In comparison to the integrated program, the modular route is a more flexible training path. After graduation you will acquire the same license, however, on a modular course the training will initially be towards the PPL. After obtaining the PPL you are required to gather experience without lesson plans and guidance from an instructor before starting the training towards the CPL. Since the program is not structured and monitored as closely as the integrated program many students take a longer time to complete it and find it harder to gather the documentation required by many airlines when applying for a job.

We offer modular pilot training for licensed pilots. You can find more information about our Advanced Training Program here.

Further training

Once you have obtained your CPL and ATPL theory you can now start applying for an airline job and continue your training towards achieving your dream of a seat in a modern airplane.

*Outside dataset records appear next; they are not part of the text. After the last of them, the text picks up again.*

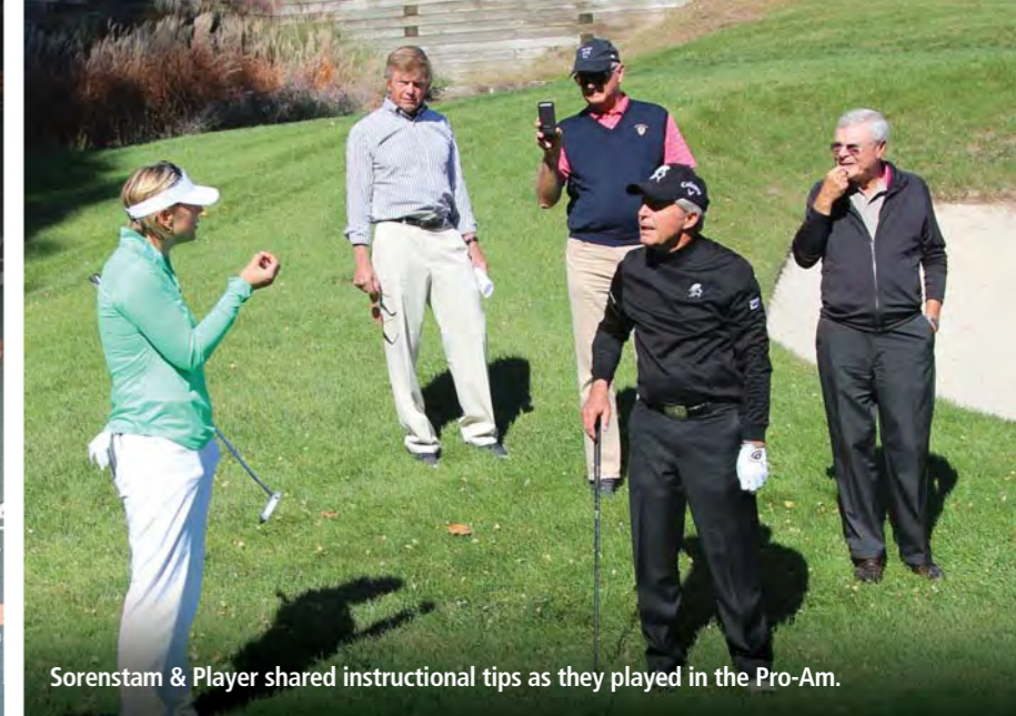
Sorenstam & Player shared instructional tips as they played in the Pro-Am.

Beginning in July in England, this year’s tournament series will continue with stops in China, South Africa and Abu Dhabi.
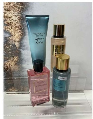
118. V - 4 VICTORIA'S SECRET ITEMS - 2 X 250 ML MIST, 1 X 236ML LOTION PERFUME, 1 X 250ML PERFUME - TOTAL RRRP £76 (9681)
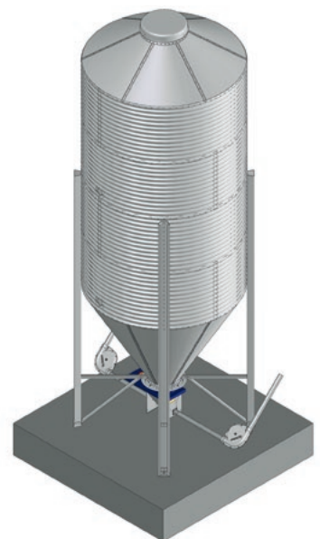
Conveyor chain (DR 850/DR 1500)
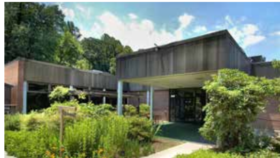
Marianna Black Library, Bryson City, NC, which opened in 1970.
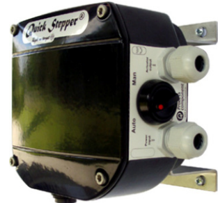
Electric Positioner Remote Feed-Back QS-E2G-LT-LE
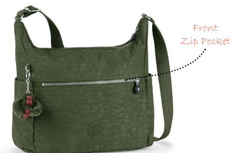
Alenya: Cactus Khaki
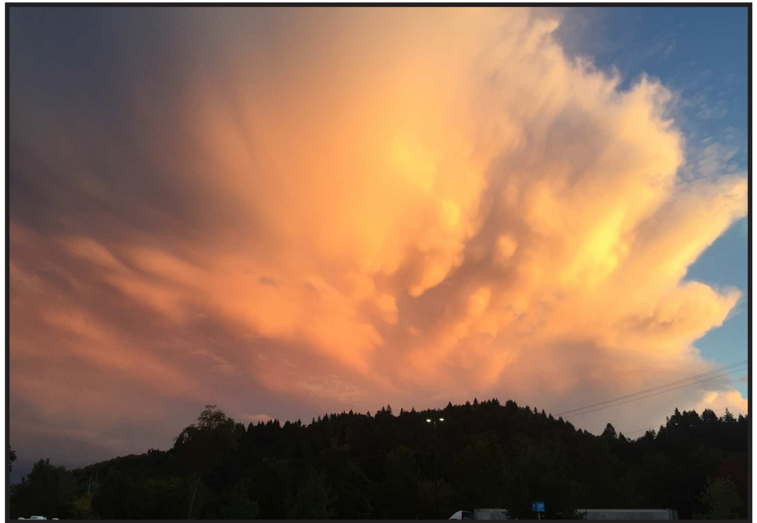
A picture of the sky provided by Leah Cooper.
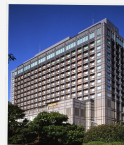
Hotel Okura Kyoto or similar subject to availability
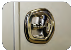
3 Point compression latches positively compress compartment weather strip for weather tightness while allowing easy access.
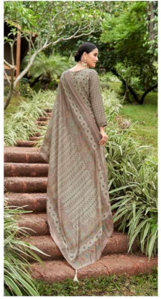
RENDERED BY ANI DILLI IN A TONE OF GREY WITH A SUBTLE PATTERN OF FLOWERS AND LEAVES. THE SARI IS MADE OF SILK AND IS A PART OF THE BLOSSOM COLLECTION.
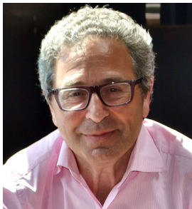
Chair of the Board Hockey Canada 2024
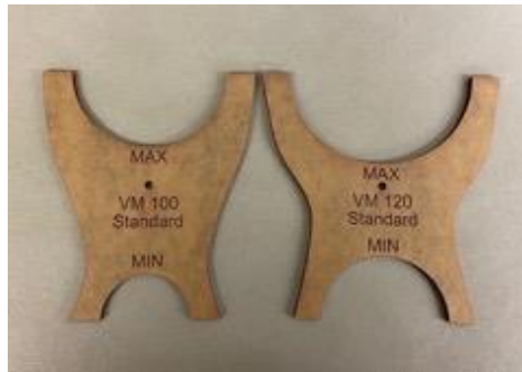
Chuck Tenon Gauge
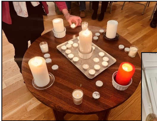
Sounds of Peace bless us with beautiful music

However, you still have to do a little more training starting with a type rating.

Type rating

The type rating on your license allows you to fly a particular aircraft type. For example, to fly the Airbus A320 you need to have the A319/320/321 rating on your license. The type rating is completed in a Full Flight Simulator (FFS). These full motion simulators recreate the aircraft’s performance and handling, allowing the trainee to experience its flight dynamics and flight deck surroundings without leaving the ground. This is a safe and cost-effective way to complete this stage of the training. The course is normally completed over several weeks, encompassing the Ground School Phase, Simulator Phase and Flying Phase (Base Training).

Ground school

The syllabus covers the aircraft’s systems and the airline’s SOPs for both normal and non-normal/emergency flight operations. It usually comprises some computer-based self-training and classroom sessions and will last about 10 days.

Simulator Phase

Once the ground school is complete and further exams have been passed, you will move on to the flight simulator phase of training, where you will be paired with another student to be taught how to operate the aircraft as a team. A strict syllabus will be covered and will culminate in a final flight test (Licence Skills Test) with an approved CAA examiner. This will normally comprise 9-12 four-hour sessions, depending on type.

Base training

You finally fly the aircraft you are completing the rating for! Base training will consist of a minimum of six take-offs and landings and will be your first experience of flying a commercial aircraft. A circuit pattern will be flown to allow you to complete the required number of take-offs and landings to a safe and satisfactory standard. This completes the requirements of the type rating and the license is now endorsed with the type by the aviation authorities.

Line training

Once the type rating has been completed, the next stage is Line Training, which consists of flying regular commercial sectors for your employing airline with passengers or freight. On each flight, you will be with a qualified training captain who will supervise your flying for a defined number of sectors. This may be around 40 sectors or 100 hours depending on type, experience and qualifications. In addition to this, on the first few sectors, there will be another qualified First Officer on the jump seat to act as a safety pilot. Line Training teaches the additional skills and knowledge required in the day-to-day operation of that aircraft type within that airline. When you have completed the required number of sectors to a satisfactory standard, you will be put forward for your Line Check. This will consist of a sector as Pilot Flying (PF), where you actually fly the aircraft, followed by a sector as Pilot Non-Flying (PNF), where you will carry out duties such as liaising with air traffic control, flight plan monitoring etc.